Sample contamination detection using the microassembly workflow is a good quality control tool for both in-house sequencing and public data sourcing. Sample contamination can occur during culturing, DNA extraction and preparation, or sequencing. WGS is typically performed in a multiplex format in which multiple isolates are sequenced together. Mixed DNA from different samples has been identified as the predominant source of errors for postsequencing detection of sequence variants (20). Our analysis of 3,514 publicly available Salmonella genomes suggests that 3% of them may have potential interserotype contamination. We recommend contamination screening for sequenced and downloaded Salmonella genomes prior to using the genomes. It should be noted that SeqSero2 will not detect contamination from the same serotype or from a non-Salmonella organism. Also, contamination detection requires the presence of serotype determinant sequences, e.g., rfb, fliC, or fljB, from the contaminant genome. At low levels of contamination, such reads may be absent.

Unlike other Salmonella serotype prediction tools that consult surrogate markers, such as phylogenetic clustering with a reference genome in SISTR, to achieve or improve serotype identification (1, 10), SeqSero1’s design of only interrogating antigenic determinants of serotype contributes to the ambiguity in serotype identification (19). Specifically, in some cases, multiple-serotype predictions are generated by SeqSero1 for one query genome because the particular O and H antigen combination may indicate serotypes that belong to different subspecies or serotypes that require additional characterization for full identification. Lack of definitive serotype assignment in such cases has been substantially alleviated by SeqSero2 through the addition of an identification tool (SalmID) and additional targets that differentiate certain variants.

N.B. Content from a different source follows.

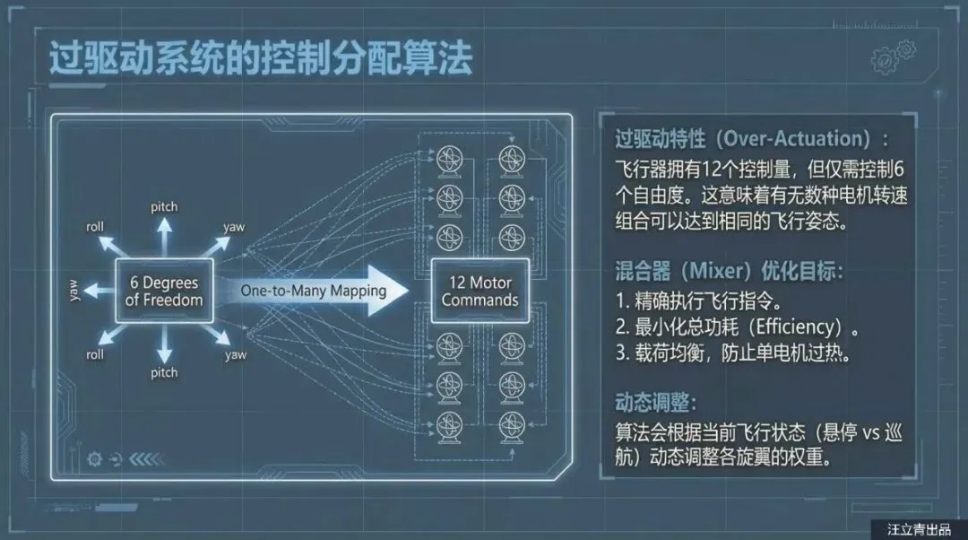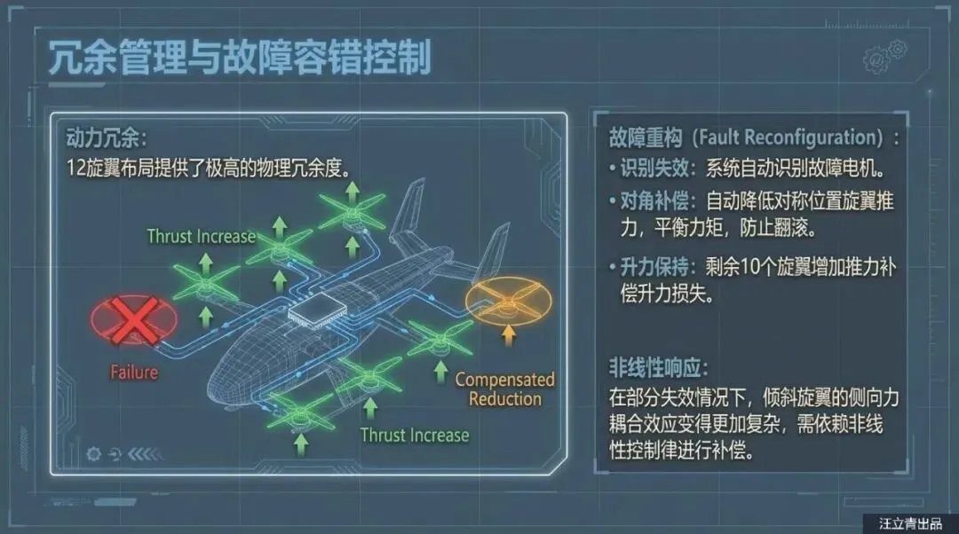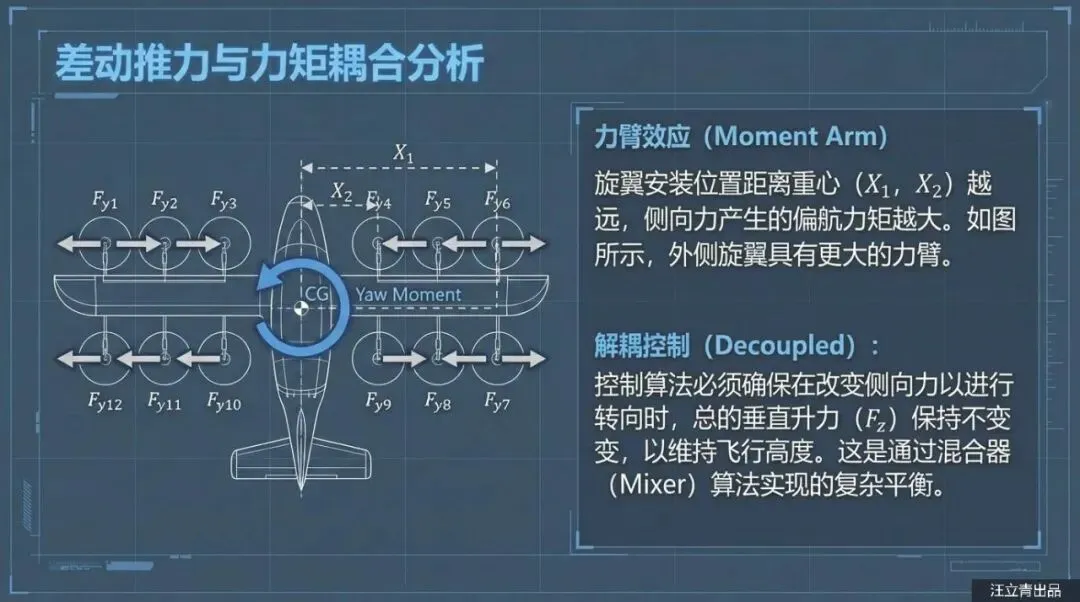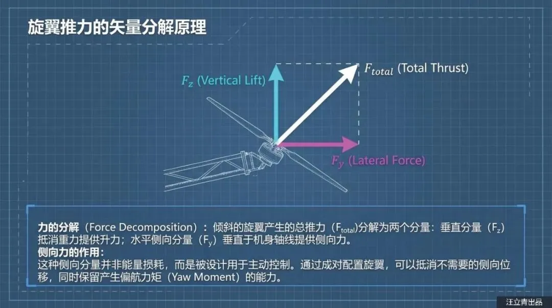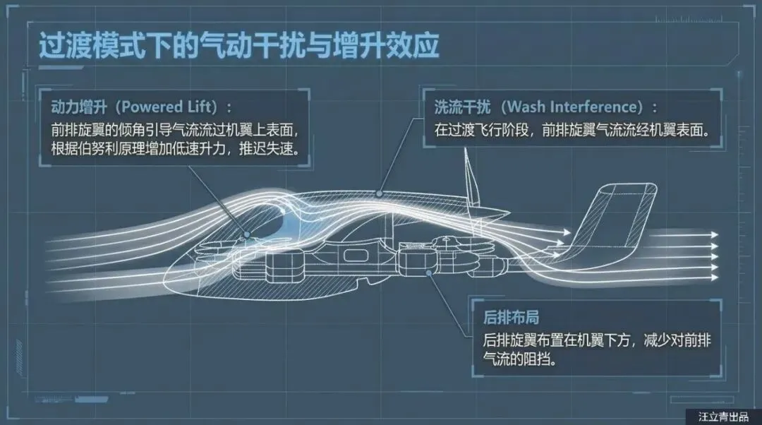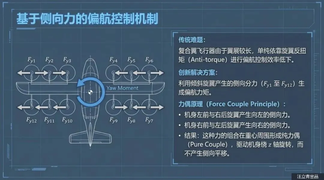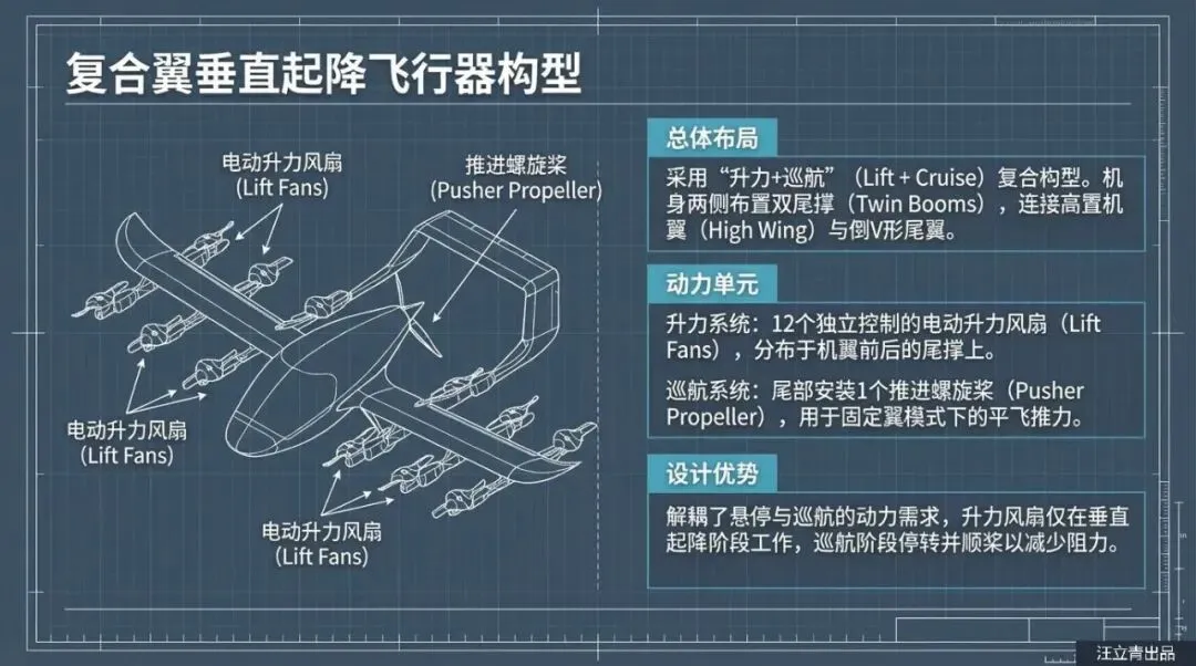 除了保命,这些“歪”着的螺旋桨还是提升飞行操控感的秘密武器。普通的四旋翼无人机要想横着飞或者原地转圈(偏航),通常需要复杂的机械结构或者大幅度调整机身姿态。但在这个设计里,因为螺旋桨本来就是斜着的,它们在产生升力的同时也自带了“侧向力”。通过调节不同位置电机的转速,飞行器可以极其灵活地在空中完成侧移、抗侧风飞行和旋转,完全不需要那些容易坏的倾转机械机构。而且,这架飞机还采用了复合翼布局,机翼后方装了一个专门的推力螺旋桨,负责巡航时的加速。起飞时靠那一排排“歪”风扇拔地而起,平飞时靠尾部推力高速巡航,既保证了垂直起降的灵活性,又兼顾了飞得远、飞得快的需求。

Horizontal gene transfer is common in Salmonella (21); this transfer includes serotype determinants and can result in distinct linages having the same complement of serotype antigens or, conversely, in the same lineage having two different “serotypes” (22, 23). In such cases, relying on or incorporating phylogenetic markers for serotype identification may cause results inconsistent with the classic, phenotypic definition of Salmonella serotype. SeqSero2 adheres to the genetic determinants for the phenotypic markers of Salmonella serotypes. By targeting these determinants, SeqSero2 provides continuity with historical data sets based on serotype and facilitates communication using our serotype-based understanding of Salmonella epidemiology.

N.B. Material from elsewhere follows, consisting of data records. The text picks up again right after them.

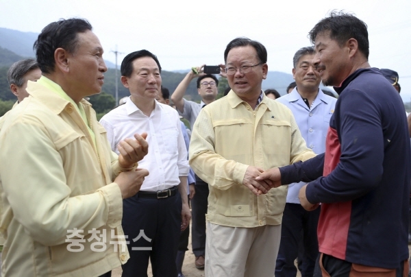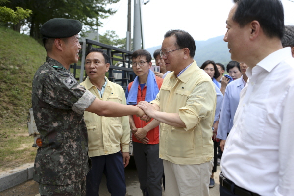 김부겸 행정자치부 장관은 22일 천안시 수해 현장을 방문 피해지역 주민들을 위로하고 피해와 복구 상황을 점검 신속한 복구 당부와 수해복구 참여자들을 격려 했다.
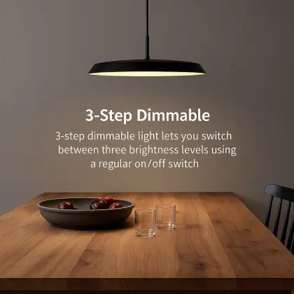 3-Stufen-Dimmfunktion: Helligkeit bequem über einen Standard-Wandschalter zwischen 100 %, 50 % und 15 % einstellen – kein externer Dimmer erforderlich.
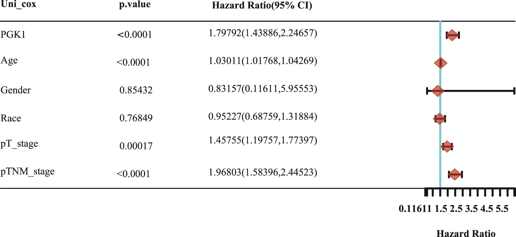 TABLE 6. Hazard ratio and p-value of constituents involved in univariate Cox regression and some parameters of the PGK1 gene.
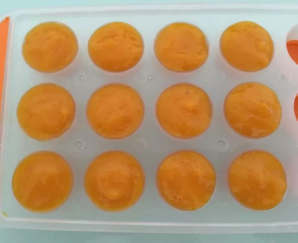 5. 用裱花袋装大约100g的芒果泥,挤进冰格中放入冰箱冷冻做成流心,芒果泥的高度不能超过模具高;
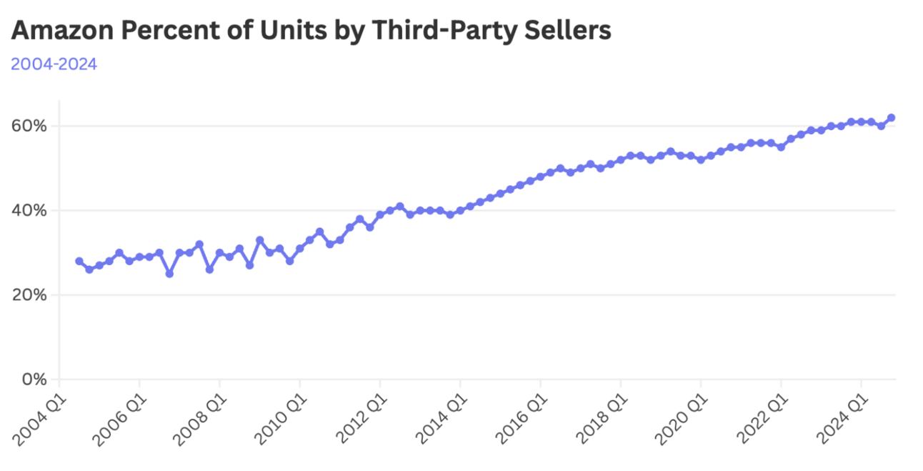 Amazon’s third-party sellers accounted for an all-time high of 62% of units sold in Q4 2024, though this is more by Amazon’s design than sellers’ dominance.

Further evidence that targeting serotype determinants alone without consulting surrogate markers is robust enough for serotype prediction came from the comparison between SeqSero2 and SISTR, as the latter tool resorts to phylogenetic markers (cgMLST) in addition to serotype determinants. The overall performances of SeqSero2 and SISTR were similar to each other.

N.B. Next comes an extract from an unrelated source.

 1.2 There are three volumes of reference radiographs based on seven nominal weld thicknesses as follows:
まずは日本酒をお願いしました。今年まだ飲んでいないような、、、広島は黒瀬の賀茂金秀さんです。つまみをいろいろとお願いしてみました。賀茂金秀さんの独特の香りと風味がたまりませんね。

Nanopore sequencing has been preliminarily investigated for Salmonella serotype prediction and SNP subtyping (24). It is advantageous for generating long sequencing reads and supporting real-time data analysis but is limited by its higher base call error rates than those of Illumina sequencing platforms (24). We demonstrated that SeqSero2 has potential for accurate and rapid serotype prediction directly from nanopore sequencing reads without genome assembly. This capability was enabled by SeqSero2’s k-mer-based algorithm, which takes advantage of both long nanopore reads as if they were assemblies from short reads and the algorithm’s tolerance of base call errors. Without base call correction by genome assembly, such errors hindered cgMLST analysis in SISTR, causing no correct serotype prediction by cgMLST clustering. Similarly, the base call errors were excessive for antigen identification by SISTR, leading to at least one incorrect antigen call in 32.5% of the tested genomes. In comparison, SeqSero2’s performance was mostly unaffected by these error-prone reads even without genome assembly (correct serotype prediction for 39 of the 40 genomes), which is particularly promising for supporting real-time Salmonella characterization through nanopore sequencing.

MATERIALS AND METHODS

Genomes.

Two data sets were used to analyze SeqSero2 (v1.0.2) performance on short sequencing reads. (i) Genomes from 2,280 strains submitted to CDC NARMS in 2015 were used to assess overall performance (Table S1). NARMS performs surveillance for antimicrobial resistance in Salmonella (https://www.cdc.gov/narms/index.html); every 20th isolate, along with serotype information, is submitted by state and local health departments. Since all strains are in our collection, we also investigated and arbitrated discordant results between SeqSero2 and the state-submitted serotype. (ii) Genomes that had been used to test SeqSero1 (9) were used to evaluate the accuracy and speed of SeqSero2 in comparison to SeqSero1 (Table S2). To test SeqSero2 on long nanopore reads, a total of 40 nanopore-sequenced genomes of 17 serotypes were downloaded from NCBI and analyzed (Table S7). This set included all of the nanopore-sequenced Salmonella genomes with a sequencing coverage over 25× that were available from NCBI at the time of this study.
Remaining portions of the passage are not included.